June’s US trade deficit if $73.1bn was marginally higher than expected though down from $75.0bn in May. While June’s deficit is narrower than those seen in April and May it is still wider than those seen in each month of both Q1 2024 and the whole of 2023. Goods data was in line with the signals of the advance report, with exports up by 2.6% rather than 2.7% and imports remaining up by 0.7%, both correcting from declines seen in May. In real terms goods exports rose by a strong 3.2% while goods imports rose by 0.9%.
The services surplus slipped to a 4-month low, with exports down by 0.5% and imports up by 0.2%, leaving exports up by 0.6% overall while imports rose by 0.6%. Canada also reported stronger trade data in June, with the C$0.64bn surplus the first surplus since February, and up from a C$1.61bn deficit in May.

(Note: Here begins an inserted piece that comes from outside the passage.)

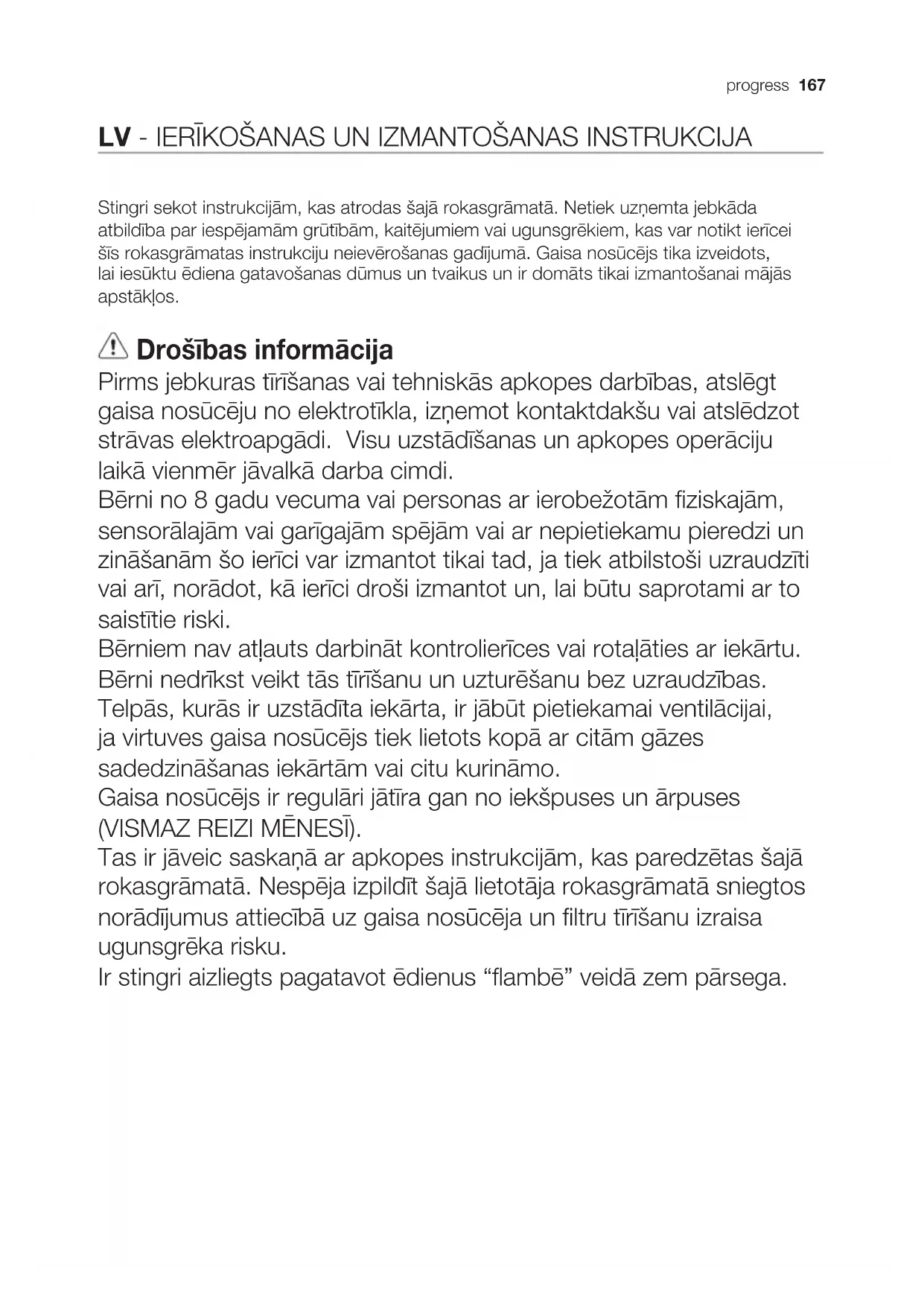Ескертпе: 4-ші сору жылдамдығы (қуаты) 5 минут ішінде қызмет етіп, содан кейін алдыңғы параметріне оралады. T5 Сүзгінің қанықтығын басқару түймесі T6 Жылдамдықты ӨШІРУ түймесі Панельдің іске қосылуын-ажыратылуын басқару түймесі T7 Шамдарды ҚОСУ/ӨШІРУ түймесі Көмір сүзгісінің қанықтығын басқаруды іске қосу/ажырату түймесі166 progress Сору жылдамдығының (қуатының) кідіртілген өшіру функциясы: Қалаған жылдамдықты таңдап, дәл сол түймені 2 секундтан көп қайта басыңыз; түйме жыпылықтап, функцияның іске қосылғанын көрсетеді. Функцияны ажырату үшін қайта басыңыз. Таңдалған жылдамдық төмендегі аралықтарда өшеді: 1-ші сору жылдамдығы (қуаты): 20 минут 2-ші сору жылдамдығы (қуаты): 15 минут 3-ші сору жылдамдығы (қуаты): 10 минут 4-ші сору жылдамдығы (қуаты): 5 минут Функцияны іске қосу – ажыратуды басқару панелі T6 түймесін 5 секундтан көп басыңыз Көмір сүзгісінің қанықтығы функциясын іске қосу – ажыратуды басқару Сорғыш өшірулі болғанда, T7 түймесін 5 секундтан көп басыңыз. T5 түймесі жыпылықтайды: Көмір сүзгісінің қанықтығын басқару элементі іске қосылғанын көрсету үшін екі рет Көмір сүзгісінің қанықтығын басқару элементі ажыратылғанын көрсету үшін бір рет Сүзгі қанықтығының функциясын басқару және бастапқы қалпына келтіру Жүйелі аралықтарда, сорғыштың пайдаланылу ұзақтығына байланысты, Т5 түймесі жанып, қатысты тараулардағы нұсқауларға сәйкес сүзгілерге техникалық қызмет көрсету қажеттілігін көрсетеді. Т5 түймесі тұрақты жанады: май сүзгісіне техникалық қызмет көрсету қажет T5 түймесі жыпылықтайды: көмір сүзгісіне техникалық қызмет көрсету қажет. Сүзгінің қанықтық индикаторын бастапқы қалпына келтіру: Сорғыш өшірулі болғанда, T5 түймесін 2 секундтан көп басыңыз. Қажет болса, әрекетті қайталаңыз. Hob2Hood Сорғыш ең жарамды жылдамдықты автоматты түрде реттеу үшін плитамен сымсыз байланысу функциясымен жабдықталған. Осы функцияның бар-жоғы мен үйлесімділігін тексеру үшін плитаның пайдалану нұсқаулығын қараңыз. Желіге алғаш рет қосқан жағдайда немесе қуат көзінен кенеттен ажыратылған жағдайда (элетрлік қуаттың сөнуі), сорғыш плитамен байланысты қалпына келтірмегенше 1 минут күте тұрыңыз. Жарықтандыру құралы Корпус жарық диод технологиясына негізделген жарық жүйесімен жабдықталған. Жарық диодтары оңтайлы жарықты, әдеттегі шамдардан 10 есе артық ұзақтықты қамтамасыз етеді және 90% электр энергиясын сақтауға мүмкіндік береді. болыѕыз! Жарыќ диодыныѕ сјулесіне тікелей ќарамаѕыз. Шамдарды ауыстыру үшін, өкілетті қосалқы бөлшектер орталығына хабарласыңыз.progress 167 LV IERĪKOŠANAS UN IZMANTOŠANAS INSTRUKCIJA Stingri sekot instrukcijām, kas atrodas šajā rokasgrāmatā. Netiek uzņemta jebkāda atbildība par iespējamām grūtībām, kaitējumiem vai ugunsgrēkiem, kas var notikt ierīcei šīs rokasgrāmatas instrukciju neievērošanas gadījumā. Gaisa nosūcējs tika izveidots, lai iesūktu ēdiena gatavošanas dūmus un tvaikus un ir domāts tikai izmantošanai mājās apstākļos. Drošības informācija Pirms jebkuras tīrīšanas vai tehniskās apkopes darbības, atslēgt gaisa nosūcēju no elektrotīkla, izņemot kontaktdakšu vai atslēdzot strāvas elektroapgādi. Visu uzstādīšanas un apkopes operāciju laikā vienmēr jāvalkā darba cimdi. Bērni no 8 gadu vecuma vai personas ar ierobežotām fiziskajām, sensorālajām vai garīgajām spējām vai ar nepietiekamu pieredzi un zināšanām šo ierīci var izmantot tikai tad, ja tiek atbilstoši uzraudzīti vai arī, norādot, kā ierīci droši izmantot un, lai būtu saprotami ar to saistītie riski. Bērniem nav atļauts darbināt kontrolierīces vai rotaļāties ar iekārtu. Bērni nedrīkst veikt tās tīrīšanu un uzturēšanu bez uzraudzības. Telpās, kurās ir uzstādīta iekārta, ir jābūt pietiekamai ventilācijai, ja virtuves gaisa nosūcējs tiek lietots kopā ar citām gāzes sadedzināšanas iekārtām vai citu kurināmo. Gaisa nosūcējs ir regulāri jātīra gan no iekšpuses un ārpuses (VISMAZ REIZI M

The Bank of Canada has released minutes from its July 24 meeting that delivered a second straight 25bps easing. While risks on both sides are discussed, the tone is on balance dovish, with the BoC increasingly confident that ingredients for price stability were in place. There was a clear consensus to lower the policy rate further if inflation continued to ease in line with the projection. Countervailing forces on inflation meant that progress was likely to be bumpy and that meant there should be no set path for the policy rate, with decisions to be taken one meeting at a time. Restrictive policy was still seen as justified, with the rate cut decided at the meeting simply making policy less restrictive. However while inflation is still above the 2% target, it is now in the 1-3% control range, and the BoC agreed that they needed to clearly communicate that they would be weighing factors that could pull inflation below target as well as those that could hold it above target.
On the downside the BoC noted that the economy had been growing by less than population increasing excess supply and there was risk that consumer spending could be weaker than expected in 2025 and 2026 due to households renewing mortgages at higher rates. The emergence of labor market slack was also noted. Upside risks came from strength in shelter services due to housing market imbalances and other services due to wage growth running well ahead of productivity.